Note: these are AI generated and gently edited, for more information, see individual tool documentation

mmseqs_prot_cov

The mmseqs_prot_cov option sets the minimum protein coverage threshold for sequence comparisons. It is defined as a decimal number between 0 and 1, with a default value of 0.3. This threshold determines the minimum fraction of a protein sequence that must align with another sequence to be considered a significant match. A higher value results in more stringent criteria for sequence similarity.

mmseqs_prot_id

The mmseqs_prot_id option specifies the minimum protein identity threshold for sequence comparisons. It is defined as a decimal number between 0 and 1, with a default value of 0.99. This threshold sets the minimum sequence similarity required for two proteins to be considered related. A higher value indicates a stricter requirement for sequence identity.

mmseqs_prot_cov_mode

The mmseqs_prot_cov_mode option determines the mode for calculating protein coverage. It is an integer value, with a default setting of 1. Different modes may influence how protein coverage is computed, affecting the interpretation of sequence matches.

mmseqs_contig_cov

The mmseqs_contig_cov option sets the minimum contig coverage threshold for sequence comparisons. Contigs are typically longer sequences assembled from shorter reads. This parameter, with a default value of 0.6, determines the fraction of a contig that must align with another sequence to be considered a significant match.

mmseqs_contig_id

The mmseqs_contig_id option specifies the minimum contig identity threshold for sequence comparisons. Contig identity is similar to protein identity but applies to contig sequences.
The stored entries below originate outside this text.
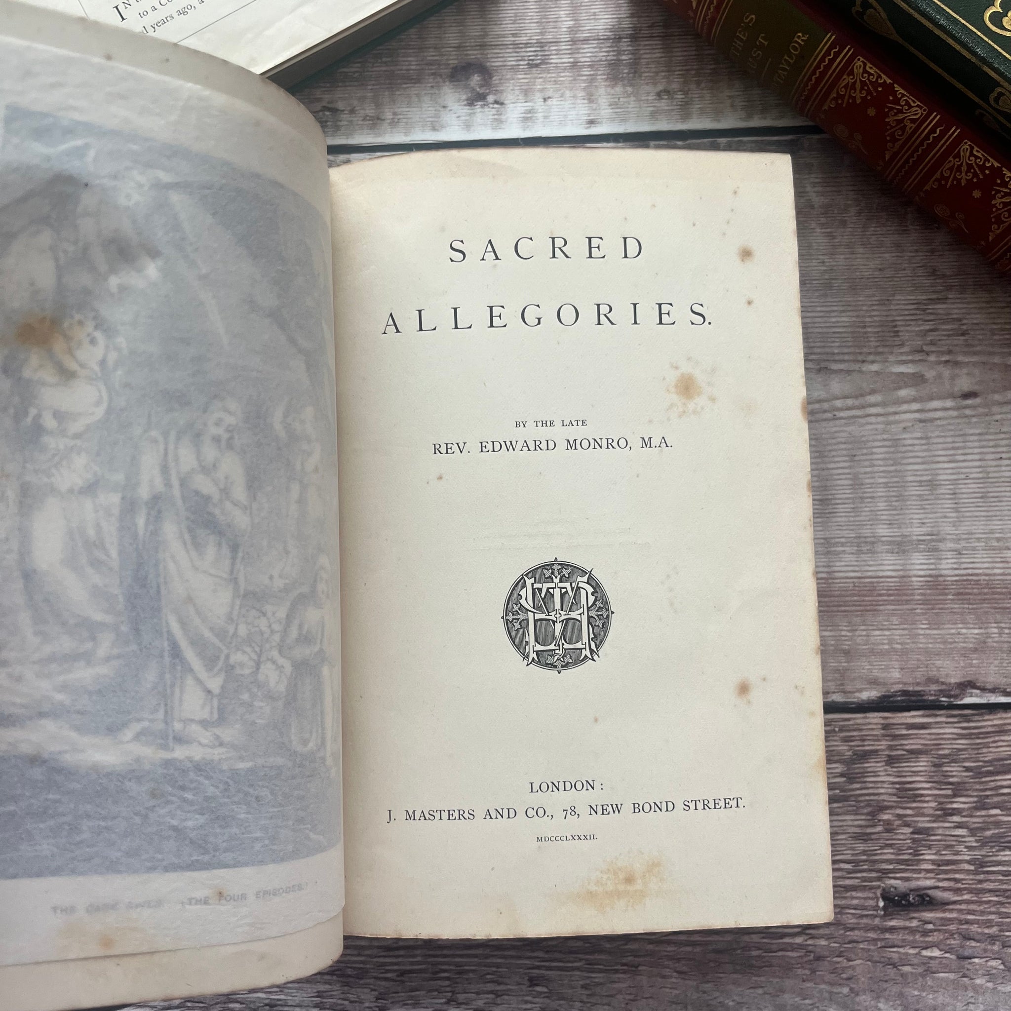 This beautiful, antique edition of Sacred Allegories by Rev Edward Monro was published by J Masters and Co in 1882. So the book is from the latter part of the Victorian era.
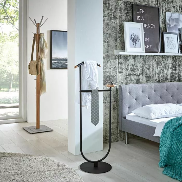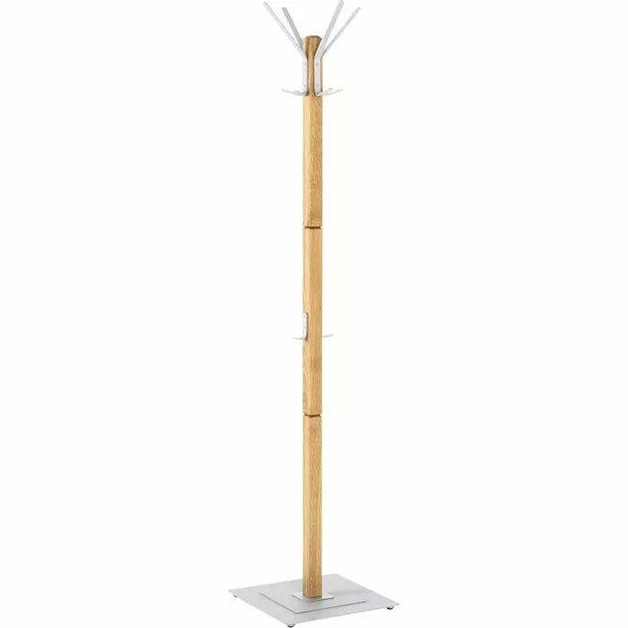 sonstiges: aus Eiche-Massivholz, mit 4 Hut- und 6 Kleiderhaken, Haken und Standfuß aus Metall in alufarben, standsicher durch schweren Standfuß
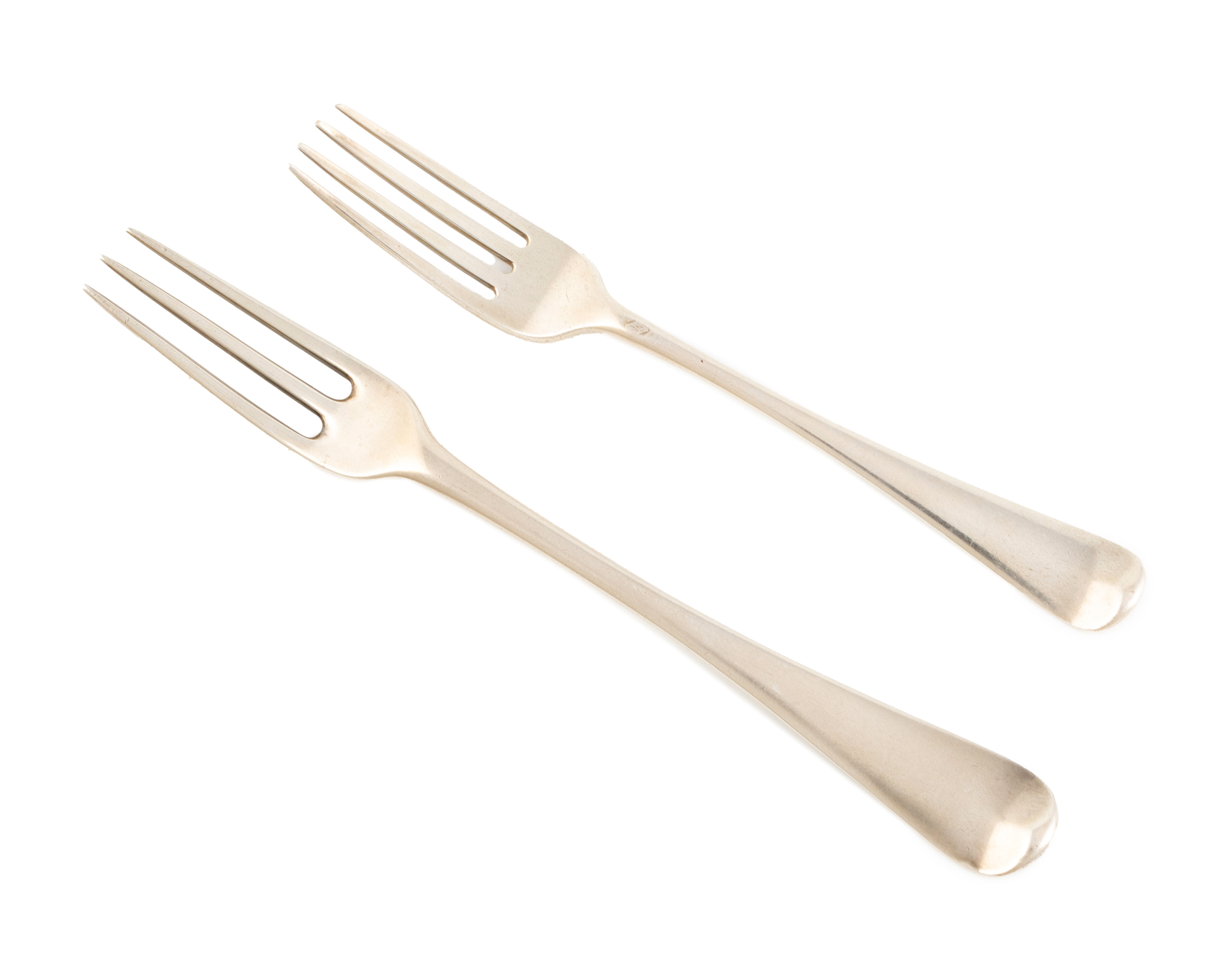 three-pronged tines, the reverse of the terminal with a crest, plus a George III provincial silver Hanoverian dessert fork, by the same maker, York 1796, also marked with a double duty mark, and a French import mark, the reverse of the terminal crested, approx. total weight 3oz. (2)
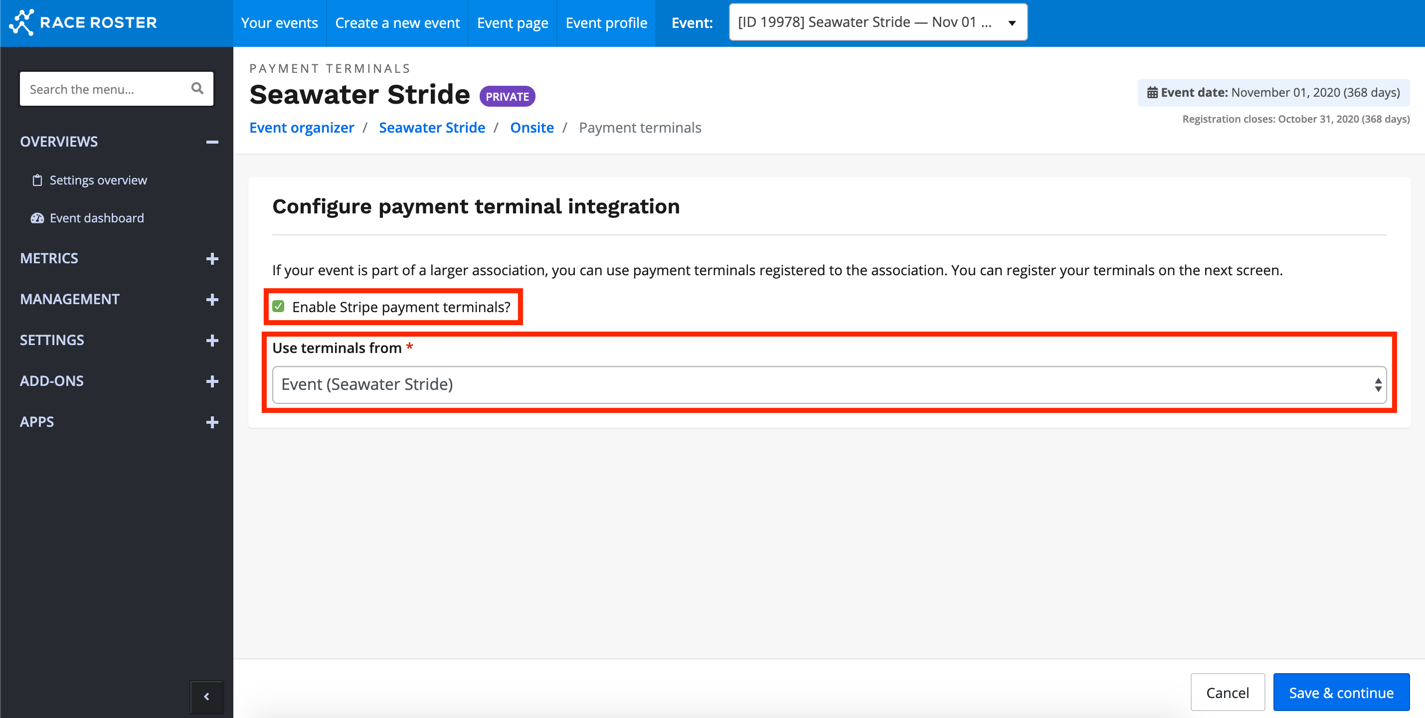 6. You will then be directed to the Payment Terminals page. There you will check off enable Stripe payment terminals and select the event under Use terminals from.
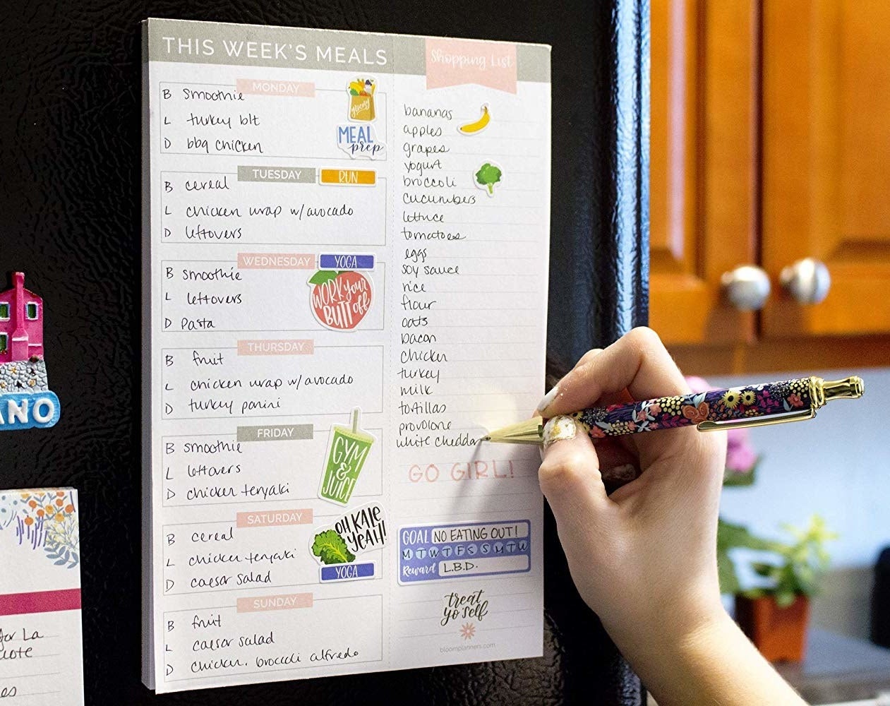 11. A genius meal planning pad to solve the struggle of actually figuring out what to eat. It lets you map out your munchies for every day of the week, make your shopping list as you go, then tear off the list when you're ready to hit the store. Plus, it's got magnets on the back so you can easily hang it on your fridge!
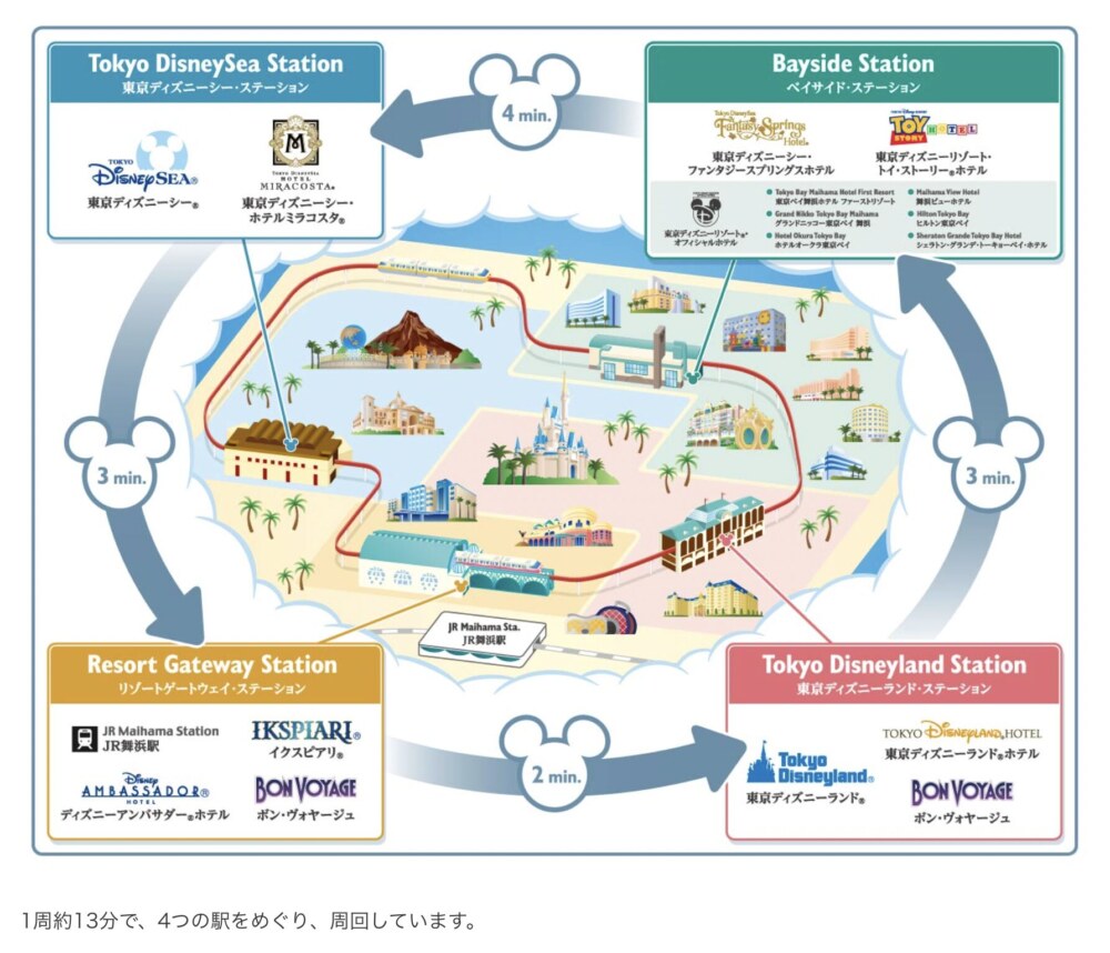 舞浜駅から徒歩でディズニーシーに行こうとすると18分くらいかかる。また、ディズニーリゾートラインは一方通行の電車なので隣駅だけど逆方向に行くため3駅。
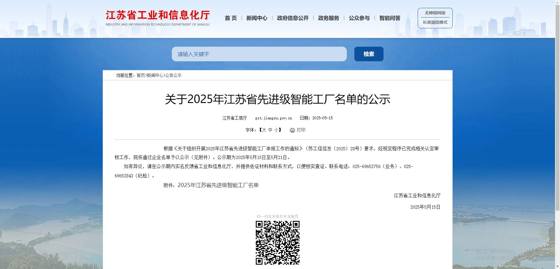 近日,江蘇工業和信息化廳正式公示《2025年江蘇省先進級智能工廠名單》,我司先鋒智能憑借卓越的智能制造水平,技術創新能力,成功獲評“江蘇省先進級智能工廠”稱號。這一榮譽不僅是對先鋒智能車間工廠數字化轉型成果的充分認可,更是先鋒智能“數智強企”在產品生產鏈落地見效的生動實踐。
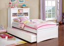 Display toys or organize bedtime stories with bookcase-inspired bedroom set. Variously sized shelves and drawers organize your little one�s favorite playthings while doubling as handy storage compartments. The add-on side bookcases are perfect for t he avid reader with their USB plugs that double as convenient charging stations. Don�t forget about the built-in headboard light that acts as a nightlight to scare nightmares away! This bed set is the perfect multifunctional and charming piece to dec lutter and organize your child�s room!
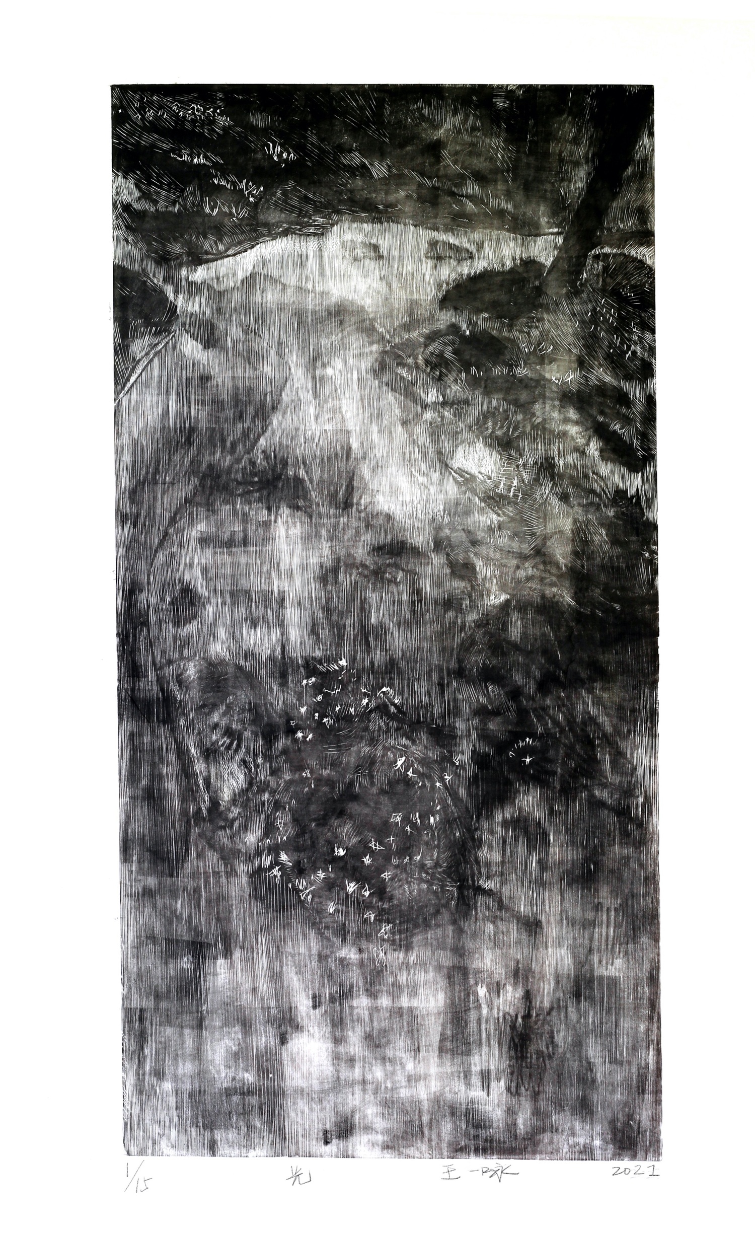 《光》强化自己的创作,不是写实不是照抄,而是表达出一种氛围和感受,希望能够表现出微妙静谧幽暗的氛围感,改变以往见过的黑白木刻常规画面,试图在画面直接呈现出微妙的灰色。
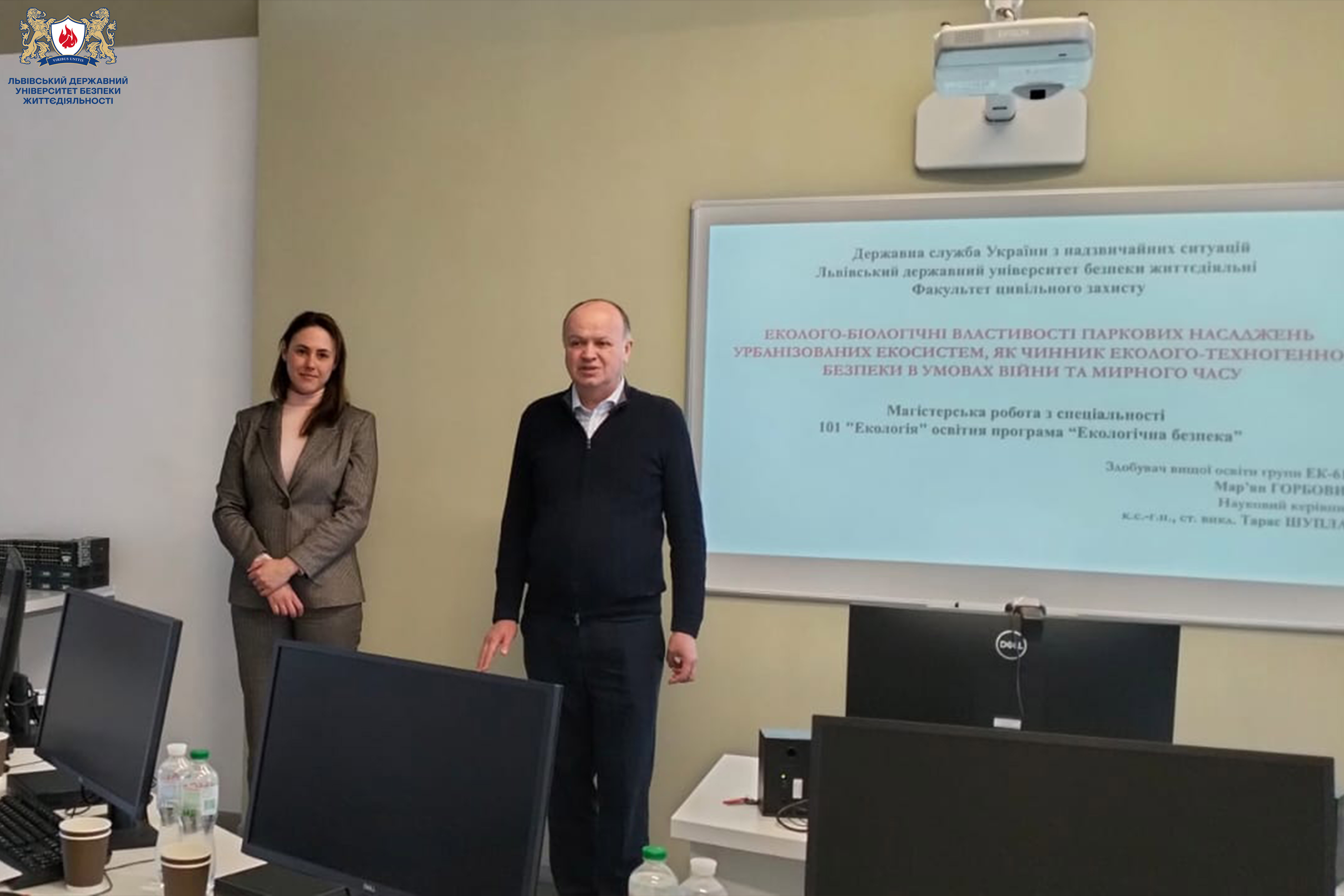 Здобувачі навчальних груп ЕК-61м і ЕК-61мз представили перед державною екзаменаційною комісією, широке коло актуальних для сьогодення тем. Головою державної екзаменаційної комісії була Микітчак Г.С., в.о. начальника управління екології та природних ресурсів, заступник начальника управління - начальник відділу захисту довкілля управління екології та природних ресурсів департаменту природних ресурсів та будівництва Львівської міської ради.

The default value is 0.99, and it determines the minimum sequence similarity required for two contigs to be considered related.

mmseqs_contig_cov_mode

The mmseqs_contig_cov_mode option, similar to mmseqs_prot_cov_mode, defines the mode for calculating contig coverage. It is an integer value, with a default setting of 1, which influences how contig coverage is calculated and impacts the interpretation of sequence matches.

max_overlap

The max_overlap option specifies the maximum allowable overlap between two contigs. It is expressed as a decimal number, with a default value of 0.5. This parameter is important for avoiding redundancy by excluding highly overlapping sequences.

min_orfs

The min_orfs option sets the minimum number of open reading frames (ORFs) required in a sequence. ORFs are segments of a DNA or protein sequence that have the potential to be translated into functional proteins. The default value is 1, meaning that a sequence must contain at least one potential ORF.